Ahead of him, turning over like the pages of a heavy book, he saw the difficulty of all he would have to learn, of courtship, of marriage itself and its initiations, of a new way of speaking. The thought of so much effort brought him close to discouragement, yet he felt driven to carry on, to learn what he needed to know and to test his strength. Within a month he had exacted a promise from her. She would become his wife. They would move to the village of Tyndall thirty miles away where he had been offered a job in the new quarry. He announced his intentions to his mother and father—who were stunned into silence—and a wedding day was set.
People smiled to see them together, this timid, boy-bodied, besotted young man leaning attentively toward the immense woman, taking her wide, heavy hand on his lap and stroking it delicately. It was observed that he was an inch or two shorter than she.
Standing at the doorway of the Home, saying goodnight, he placed his fingers on her broad cheek, tracing the outline of her curved pink untroubled skin.

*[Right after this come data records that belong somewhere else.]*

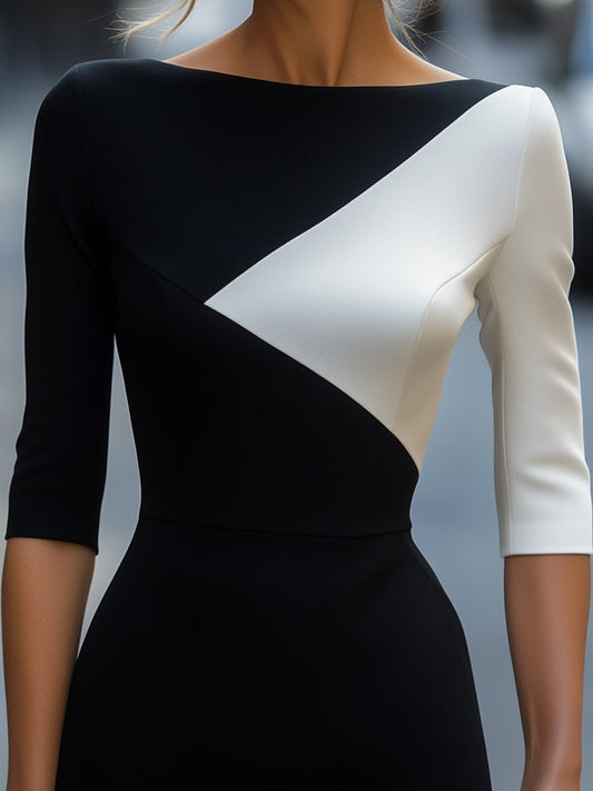 V-Neck Half Sleeves Fitted Mermaid Midi Work Dress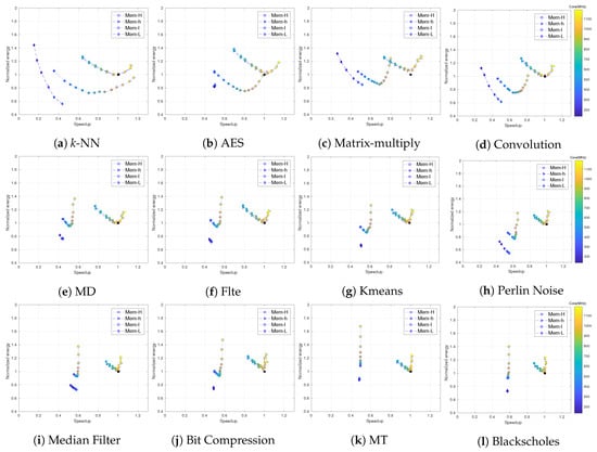 Speedup and normalized energy for twelve selected benchmarks and different frequency configurations as in Fan et al. []. Bottom (energy)-right (speedup) is better.
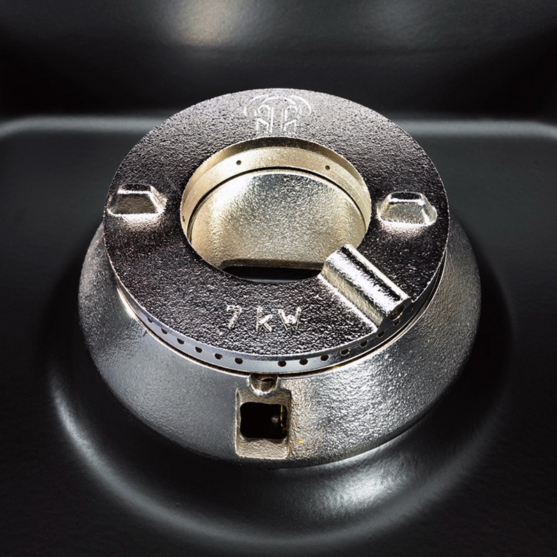 The 3.5 kW and 7 kW burners made of cast iron with high thickness are guaranteed for life.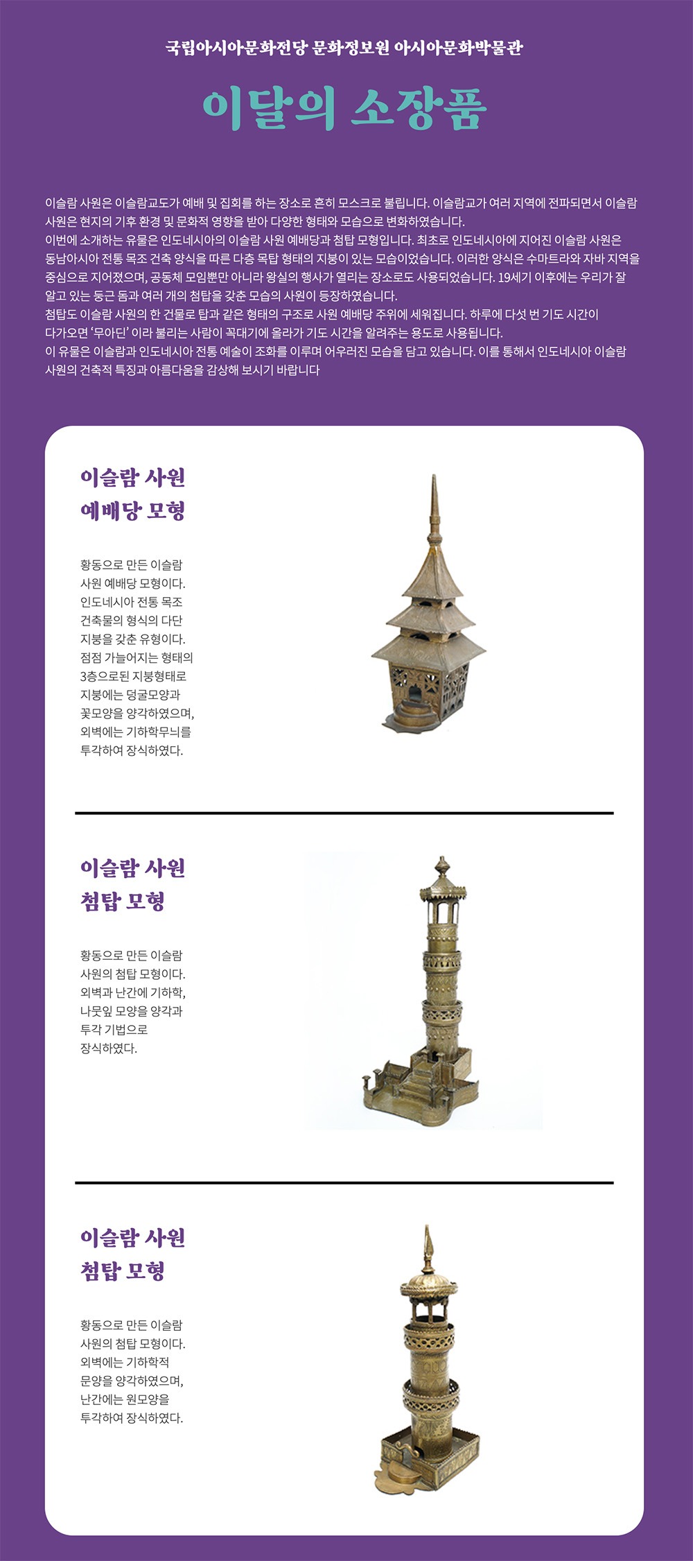 장소 : 문화정보원 아시아문화박물관 - 일년 동안 두 달에 한 번 새로운 주제를 선정해 박물관 소장품을 소개하는 전시입니다. 이번에 소개하는 유물은 인도네시아의 이슬람 사원 예배당과 첨탑 모형입니다. (출처 = 국립아시아문화전당)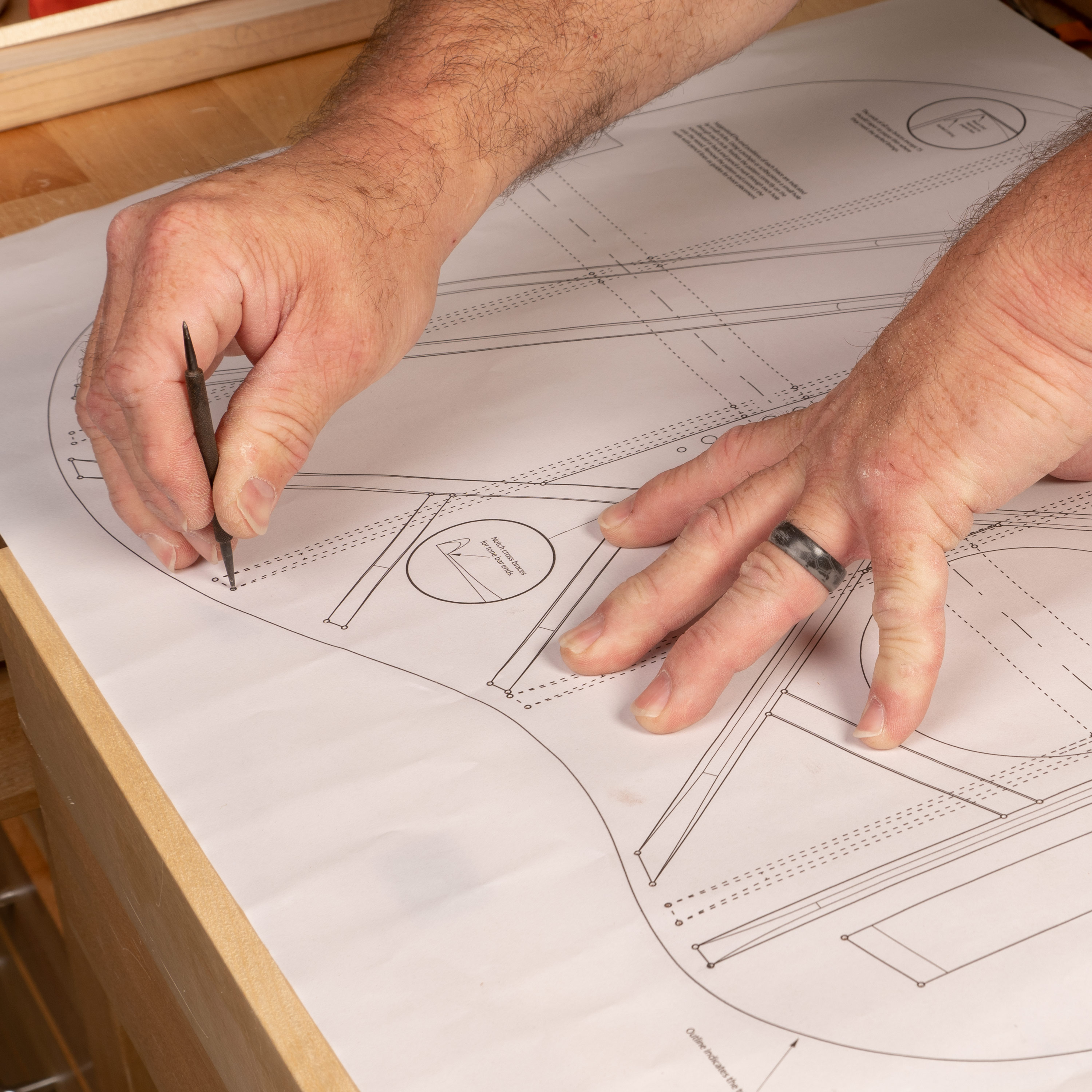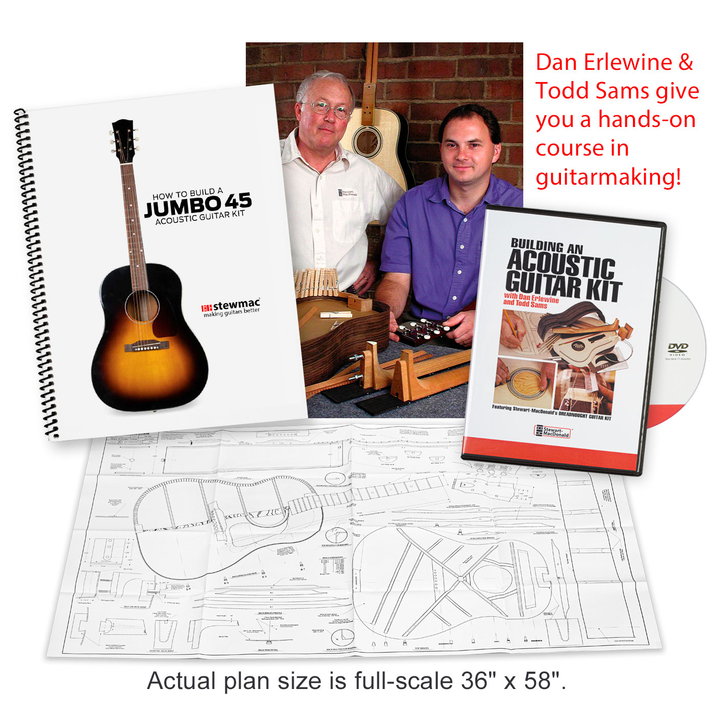 Este kit también incluye nuestro mejor servicio al cliente del sector. Nuestros técnicos están a su disposición si tiene alguna pregunta durante la construcción. Su kit incluye instrucciones detalladas paso a paso a todo color, un plano de varetaje a escala completa y un plano técnico para que tenga el conocimiento y la confianza necesarios para terminar esta construcción con facilidad. También recibirás un DVD de 71 minutos que ilustra técnicas clave de fabricación de guitarras como el ajuste de la costilla, binding, la configuración e instalación del mástil, la configuración de la cejuela y el puente, y mucho más.

From the beginning he knew that Mercy Stone’s ardor was of a quality inferior to his own, of a different order altogether, and this seemed to him to be natural, rightful. The potency and fragrance of erotic love that overwhelmed him so suddenly in his twenty-sixth year was answered by Mercy with mild bewilderment. She was not cold toward him, not in the least, but returned his first shy eager embraces with a sighing acquiescence. About their future life together she seemed incurious, almost indifferent, though the fact that they would be let a modest company house did stir a response—her own home to order and arrange and run as she pleased. She would like that, she told Cuyler shyly. It was something she had not expected ever to have. She was, you might say, a woman who recognized the value of half a loaf.